MINNEAPOLIS (AP) -- Minnesota students showed some progress in reading on the state's standardized tests and 11th graders did even better on the math portion, but over half still weren't considered proficient, the Minnesota Department of Education reported Wednesday.

The department reported that 74 percent of Minnesota students scored as proficient in reading on the Minnesota Comprehensive Assessments last spring, an increase of 1.6 percent from the previous year. The biggest gains were in grades five through seven, where minority students showed more improvement on average than their white counterparts.

The number of 11th graders who scored as proficient in math increased 5.3 percent from the previous year to 48.6 percent. However, the state's academic achievement gap between white students and racial minorities remained. For example, 16 percent of black 11th graders made the grade while 55 percent of white juniors did.

It was difficult to calculate an overall math score for the state because students in grades three through eight took a test based on tough new standards for the first time. Those standards, which include the expectation that eighth-graders be proficient in algebra, were announced in 2007 and assessed for the first time this spring.

Education Commissioner Brenda Cassellius said that while the improvement in reading scores was welcome, it was lower than she had hoped.

"I wanted to see double-digit numbers," she said.

She was more excited about the gain in math proficiency among 11th graders, although she said she was still disappointed that more than half of the state's high school juniors missed the benchmark for proficiency.

"There is a gap between what we expect and what kids know, that is the gap that needs to be minded," she said.

She was also disappointed that minority students didn't show more gains.
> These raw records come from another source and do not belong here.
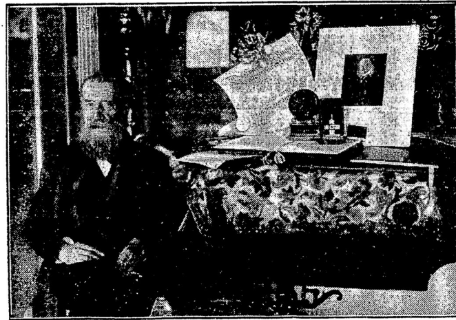
17-го юнія старѣйшій германскій ученый-юристъ торжественно праздновалъ свое 80-лѣтіе. Президентъ республики прислалъ юбиляру государственный гербъ съ надписью «хранителю и создателю права», а также и свой портретъ. Юбилея поздравляло множество государственныхъ и ученыхъ учрежденій, видныхъ людей всѣхъ областей культуры и пр.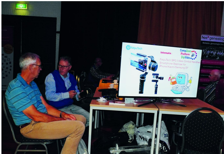
Er is altijd wel gelegenheid om iemand om advies te vragen

Bezoekers kunnen ons vragen stellen over de diverse videobewerkingsprogramma's, zoals Power Director van Cyberlink, Magix Videodeluxe, Pinnacle, Lightworks en VirtualDub. En zeer waarschijnlijk kunnen zij met een werkbaar advies huiswaarts gaan.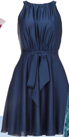
SWING € 149,99

In the previous nine years, the scores on the MCA tests were used to determine if Minnesota schools faced sanctions under the federal No Child Left Behind law, which required that all students be proficient in reading and math by 2014.

However, this year Cassellius has requested a waiver from the U.S. Department of Education that would prevent more schools from being labeled as failures and relax sanctions on schools that have already run afoul of the law.

"It just really important to impress that even as we are doing our NCLB waiver that we are still holding all districts accountable for educating all kids," she said. "We want all kids to have an opportunity to excel."

Kent Pekel, executive director of the College Readiness Consortium at the University of Minnesota, chalked up the increase in the 11th-grade math scores to a combination of factors, including students realizing they need more math courses to get into college and the payoff from another overhaul of the math standards made a decade ago.

"I think this just shows the urgent need for Minnesotans to take a long-term approach to education improvement," he said.

Pekel said the small increase in reading was part of a national trend, as many other states have struggled to significantly improve reading scores. He called it one of the mysteries of American education.

"Generally speaking, we really are at a point where we not making the progress we need in reading," he said. "That's despite big increases in literacy spending at many levels."